The Coles 4038 is a ribbon microphone produced by Coles Electroacoustics. The microphone was designed and patented by the BBC in the 1950s and was originally known as the STC 4038. The sound of the microphone has been described as "British" with a "BBC politeness", and its appearance has been likened to that of a waffle iron. It is used in both sound recording and radio broadcasting.

== History ==
The microphone was designed by the BBC in 1953 and the prototype was assigned the model number BBC PGS/1. It was designed as a result of the BBC's request for a strong and affordable microphone that was smaller than previous models (such as the Type A). The 4038 was an improvement on the Type A's frequency response, and was described as "less obtrusive".

The microphone was produced by Standard Telephones and Cables before their manufacturing was transferred to Coles in the mid-1970s. Since its design in the 1950s, the technical specifications of the 4038 have remained unchanged.

== Use ==
=== Recording ===
In recording environments, the 4038 is often used as drum overheads and on brass instruments. The microphone became a favourite of British recording engineers in the 1950s and 60s, but did not receive widespread use in the United States. The microphone was described as recording sounds "bigger than life" - such as drums or amplified guitars - some Beatles and Led Zeppelin recordings featured 4038s as overhead microphones on the drum kit.

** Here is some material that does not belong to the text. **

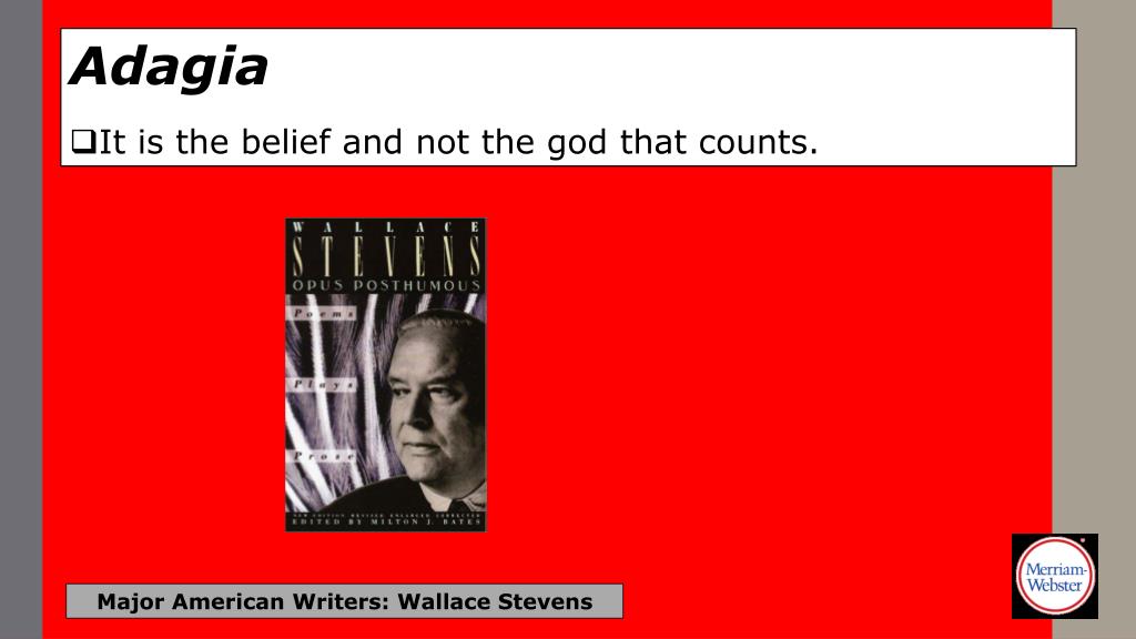 Adagia • It is the belief and not the god that counts. Major American Writers: Wallace Stevens

In a 1994 interview, Steve Albini said that "if [he] owned one mic, this would be it". Albini has also commented that "really nothing beats them as an overhead on a drum kit".

=== Broadcast ===
At one point, Bush House, the former home of the BBC World Service, used the 4038 almost exclusively.

== Technical ==
The 4038's frequency response is flat, with a range of approximately 30-15,000 Hz. The attenuation of high frequencies reduces sibilance on vocals, but also reduces detail.

The microphone uses a bi-directional polar pattern.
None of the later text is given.